I am running a test flow in docker container with image `pytorch/pytorch`. It fails because prefect...
b
I am running a test flow in docker container with image
pytorch/pytorch
. It fails because prefect is not installed
Copy code
17:43:10.947 | INFO    | prefect.infrastructure.docker-container - Pulling image 'pytorch/pytorch'...
17:43:12.610 | INFO    | prefect.infrastructure.docker-container - Creating Docker container 'prudent-goshawk'...
17:43:12.679 | INFO    | prefect.infrastructure.docker-container - Docker container 'prudent-goshawk' has status 'created'
17:43:12.934 | INFO    | prefect.agent - Completed submission of flow run '64e545de-27ff-4d51-85d6-cec4d8eb0afe'
17:43:12.949 | INFO    | prefect.infrastructure.docker-container - Docker container 'prudent-goshawk' has status 'running'
/opt/conda/bin/python: Error while finding module specification for 'prefect.engine' (ModuleNotFoundError: No module named 'prefect')
Adding prefect to the container block extra pip packages doesnt help:
Copy code
{
  "EXTRA_PIP_PACKAGES": "prefect"
}
1
m
Hey @Boris Tseytlin prefect needs to be included as part of the base image, you could Either A) swap the base image for a prefect image and include pytorch as the extra pip package or B) you can setup a custom image that contains both.
1
b
Here's a helpful Discourse article to get started as well: https://discourse.prefect.io/t/how-can-i-run-my-flow-in-a-docker-container/64
b
@Mason Menges I tried using the prefecthq/prefect image, got this error:
Copy code
/usr/local/bin/python: No module named prefect.engine.__main__; 'prefect.engine' is a package and cannot be directly executed
m
Hmm could you provide an example of how the flow you're running and how/where you're triggering it?
b
Copy code
import os
from prefect import flow, get_run_logger
from prefect.deployments import Deployment
from prefect.blocks.core import Block
from prefect.infrastructure.docker import DockerContainer

docker_container_block = DockerContainer.load("ml-docker")


@flow
def train_model_flow():
    import torch

    logger = get_run_logger()

    <http://logger.info|logger.info>("CUDA Available: %s", torch.cuda.is_available())

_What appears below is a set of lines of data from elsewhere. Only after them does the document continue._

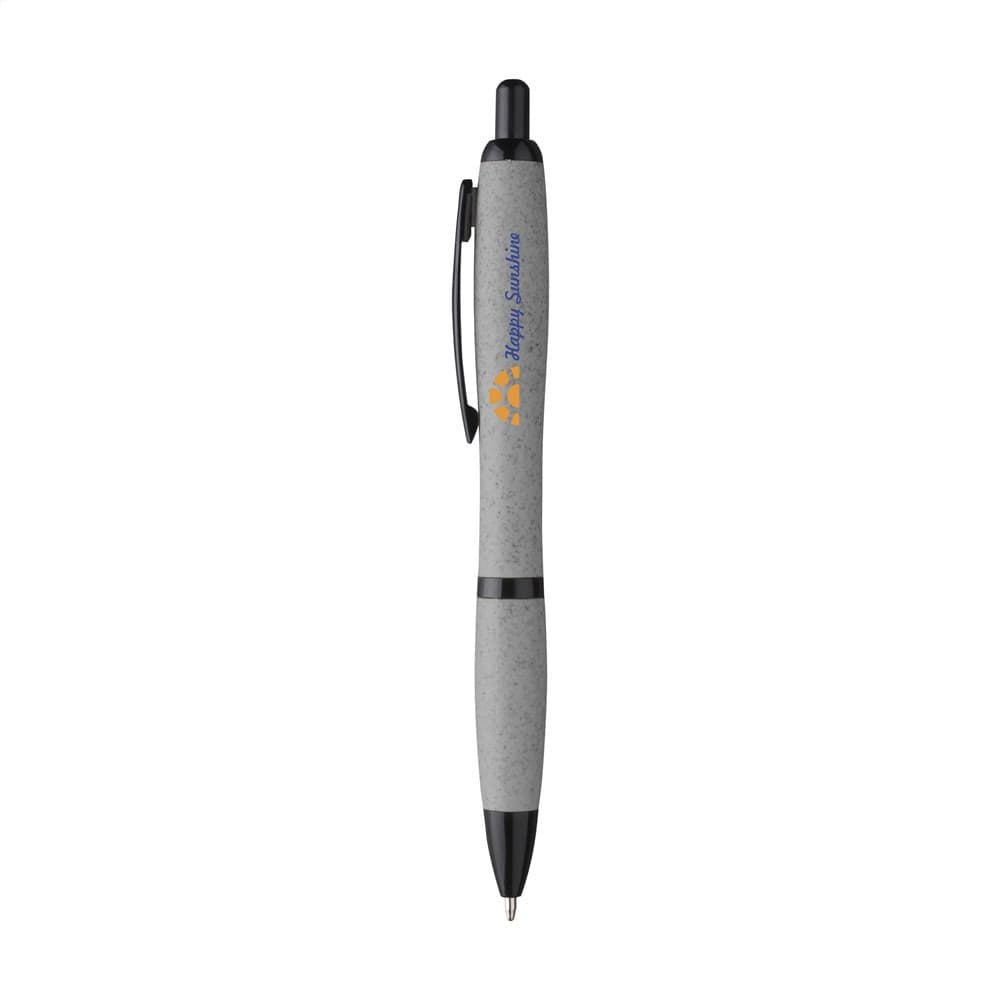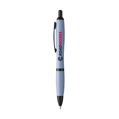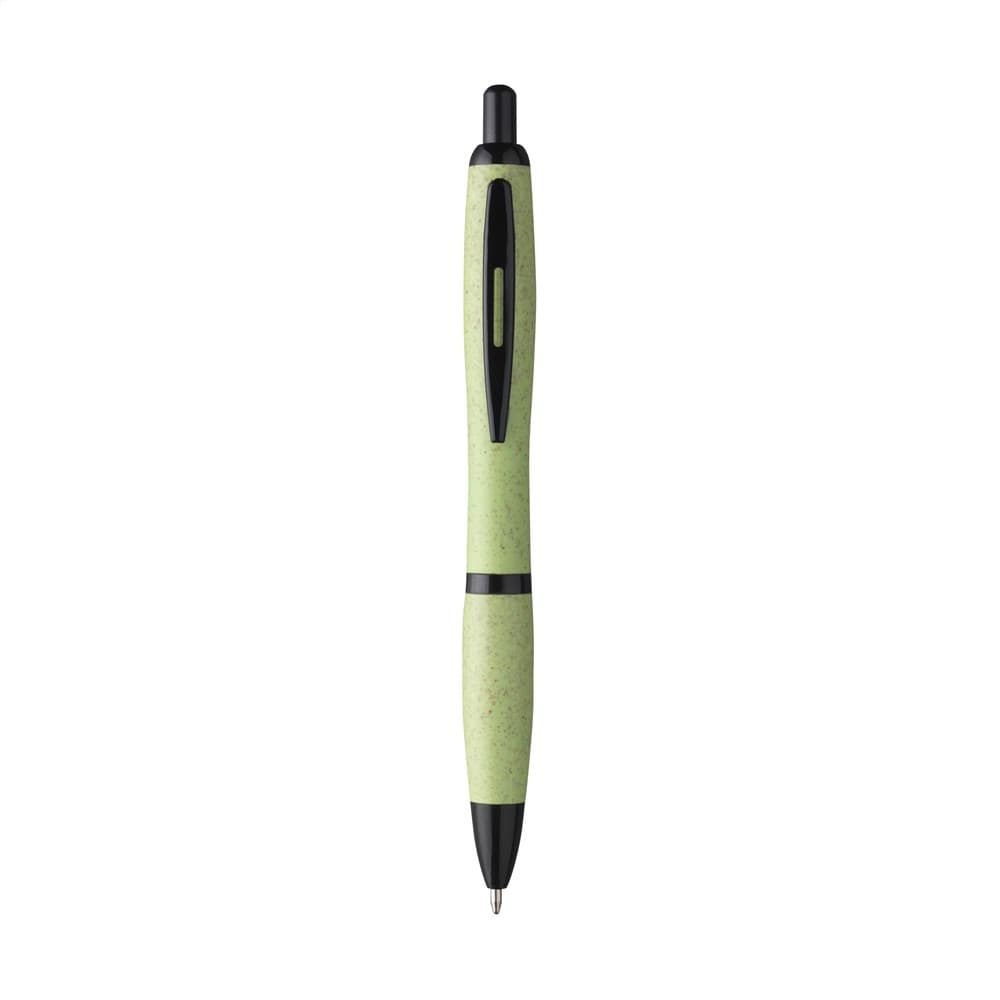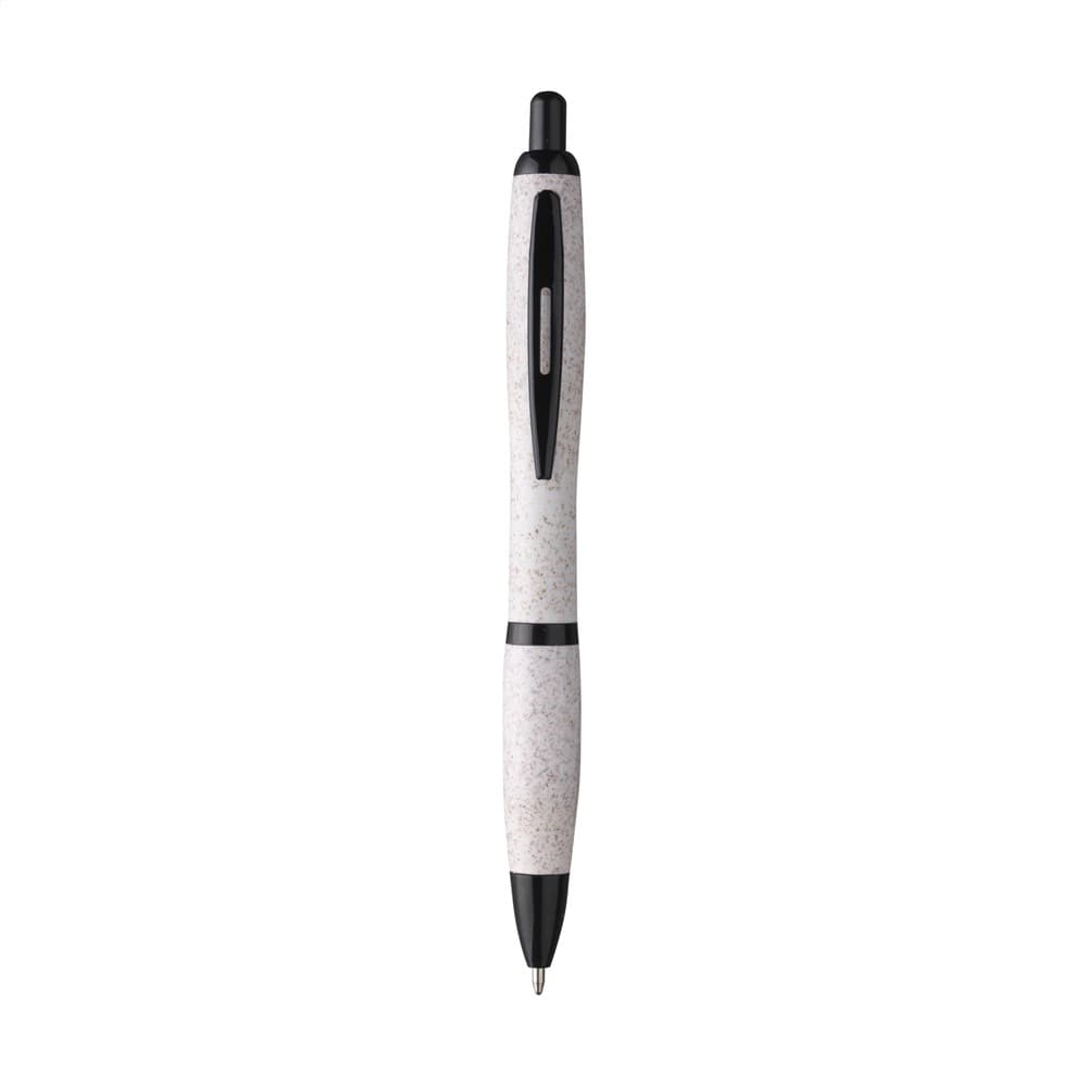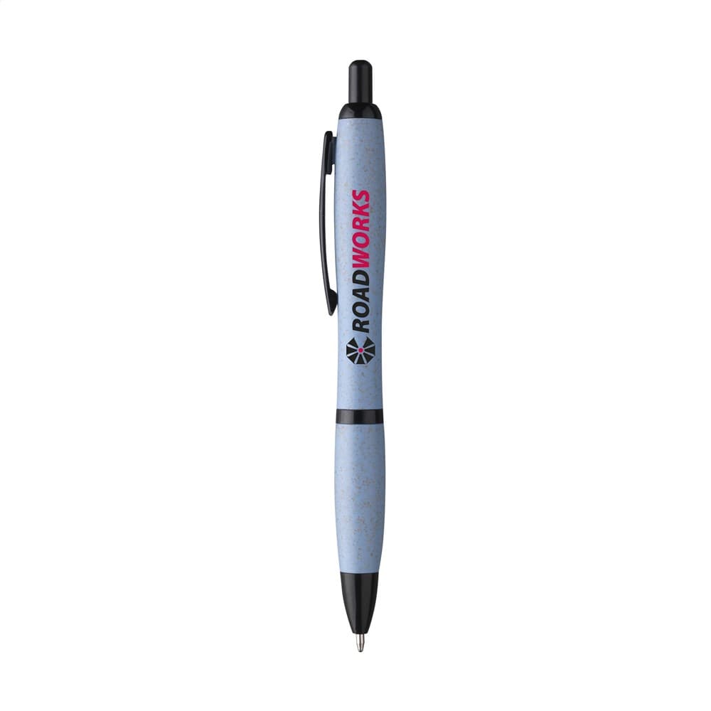 Eco-vriendelijke, blauwschrijvende balpen gemaakt van 50% PP en 50% tarwestro. Voorzien van zwarte accenten en metalen clip. Gedeeltelijk biologisch afbreekbaar.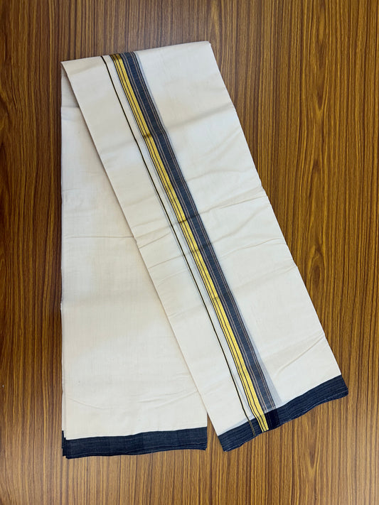 25% Discount ! KaithariKada Handloom Millpaav Balaramapuram - 100% Pure Cotton Off White (Unbleached) Double Mundu/Dothi - 80x90 - 1.5 inch Gold Kasav & Navy Blue Shaded Striped Kara 3.60 Mtr (8 Muzham) - 19 KK5328 RAM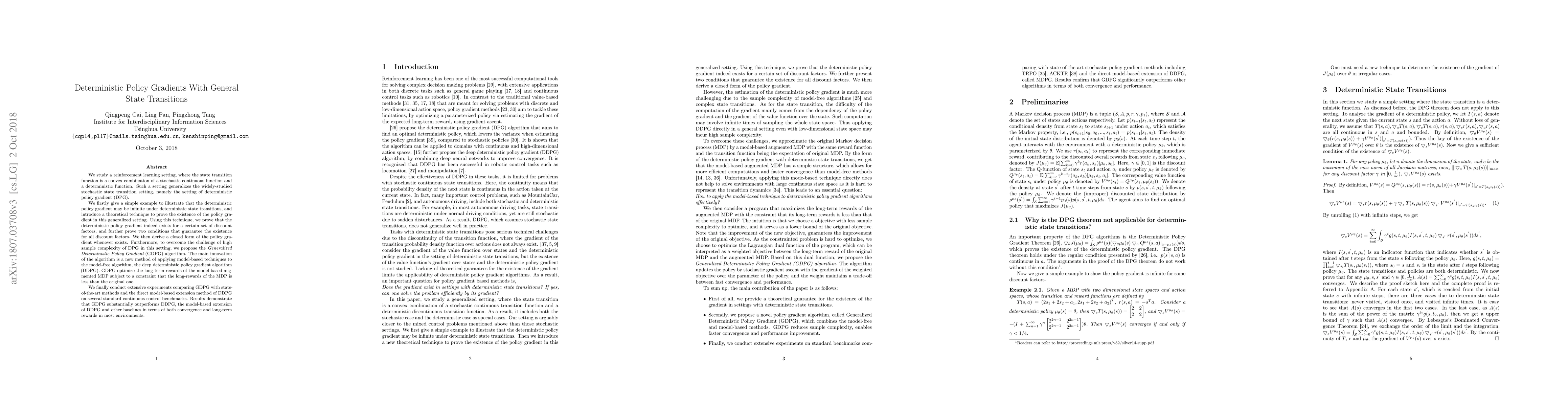 The paper studies reinforcement learning with general state transitions, combining stochastic and deterministic components, and proves the existence of deterministic policy gradients for certain discount factors. It introduces the Generalized Deterministic Policy Gradient (GDPG) algorithm, which optimizes a model-based augmented MDP with a constraint on the original MDP's long-term rewards.
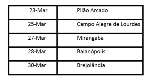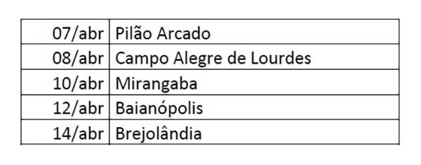 A primeira parada será em Pilão Arcado, na próxima segunda-feira, no dia 23 de março.

deployment = Deployment.build_from_flow(
    flow=train_model_flow,
    name="train_model_flow",
    work_queue_name="test",
    infrastructure=docker_container_block,
)

if __name__ == "__main__":
    deployment.apply()
This is the flow. I am running the deployment from Orion UI
m
Hey @Boris Tseytlin since you're using docker you'll likely want to configure remote storage to ensure the flow can be referenced by the image, by default the flow code isn't going to be included in the docker container, you'll also want to make sure that you have all relevant pip packages set for the container in the infrastructure block. Here's an example from the code you sent over before
Copy code
from prefect import flow, task
import os
from prefect import flow, get_run_logger
from prefect.deployments import Deployment
from prefect.blocks.core import Block
from prefect.filesystems import S3
from prefect.infrastructure.docker import DockerContainer


@flow
def train_model_flow():
    import torch

    logger = get_run_logger()

    <http://logger.info|logger.info>("CUDA Available: %s", torch.cuda.is_available())

if __name__ == "__main__":
    docker_container_block = DockerContainer.load("ml-docker")
    storage = S3.load("awspersonal")

    flow_deployment = Deployment.build_from_flow(
        flow=train_model_flow,
        name="train_model_flow",
        work_queue_name="test",
        infrastructure=docker_container_block,
        storage=storage,
        ignore_file = ".prefectignore"
    )

    flow_deployment.apply()
with these packages on the ml-docker container:
Copy code
{
  "EXTRA_PIP_PACKAGES": "s3fs torch"
}
s3fs is necessary for s3 storage which is what i'm using, this could be different depending on the remote storage option you're using. All that said particularly for production flows it's likely going to be more efficient to build a custom image that contains all of your external dependencies rather that installing them during the run.